— DATA PROVIDED —
== Segment start ==
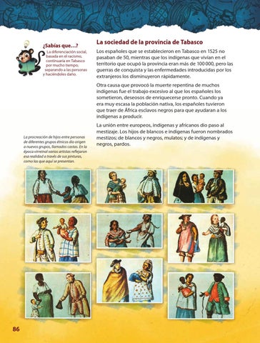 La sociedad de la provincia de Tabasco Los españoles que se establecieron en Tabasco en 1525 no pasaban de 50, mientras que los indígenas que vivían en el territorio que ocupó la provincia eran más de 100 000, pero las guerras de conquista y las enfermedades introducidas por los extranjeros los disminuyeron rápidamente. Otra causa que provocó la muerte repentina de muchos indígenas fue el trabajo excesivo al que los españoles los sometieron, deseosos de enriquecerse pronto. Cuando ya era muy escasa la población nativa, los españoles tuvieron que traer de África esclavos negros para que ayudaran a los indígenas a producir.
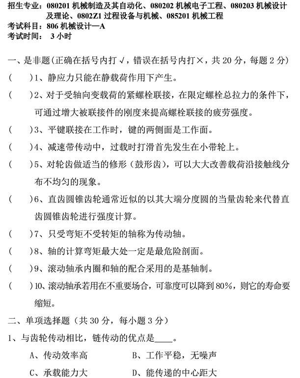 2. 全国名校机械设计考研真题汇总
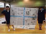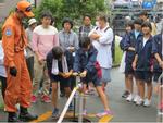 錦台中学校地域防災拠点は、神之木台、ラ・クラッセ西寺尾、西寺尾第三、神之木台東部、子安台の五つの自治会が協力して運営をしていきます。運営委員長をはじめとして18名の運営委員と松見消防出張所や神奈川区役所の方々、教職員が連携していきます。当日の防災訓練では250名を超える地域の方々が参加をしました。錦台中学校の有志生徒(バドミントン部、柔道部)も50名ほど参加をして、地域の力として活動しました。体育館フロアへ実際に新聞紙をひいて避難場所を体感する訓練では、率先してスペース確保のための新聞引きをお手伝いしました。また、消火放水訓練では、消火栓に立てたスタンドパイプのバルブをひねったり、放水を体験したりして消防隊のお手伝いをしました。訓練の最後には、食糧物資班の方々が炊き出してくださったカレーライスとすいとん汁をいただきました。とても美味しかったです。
== Segment end ==
— WHAT YOU WILL DO —
Leaving the pictures out, copy exactly the lines from the line that contains "2. 全国名校机械设计考研真题汇总" to the last line of the data, both ends included.

— FINAL ANSWER —
 2. 全国名校机械设计考研真题汇总
 錦台中学校地域防災拠点は、神之木台、ラ・クラッセ西寺尾、西寺尾第三、神之木台東部、子安台の五つの自治会が協力して運営をしていきます。運営委員長をはじめとして18名の運営委員と松見消防出張所や神奈川区役所の方々、教職員が連携していきます。当日の防災訓練では250名を超える地域の方々が参加をしました。錦台中学校の有志生徒(バドミントン部、柔道部)も50名ほど参加をして、地域の力として活動しました。体育館フロアへ実際に新聞紙をひいて避難場所を体感する訓練では、率先してスペース確保のための新聞引きをお手伝いしました。また、消火放水訓練では、消火栓に立てたスタンドパイプのバルブをひねったり、放水を体験したりして消防隊のお手伝いをしました。訓練の最後には、食糧物資班の方々が炊き出してくださったカレーライスとすいとん汁をいただきました。とても美味しかったです。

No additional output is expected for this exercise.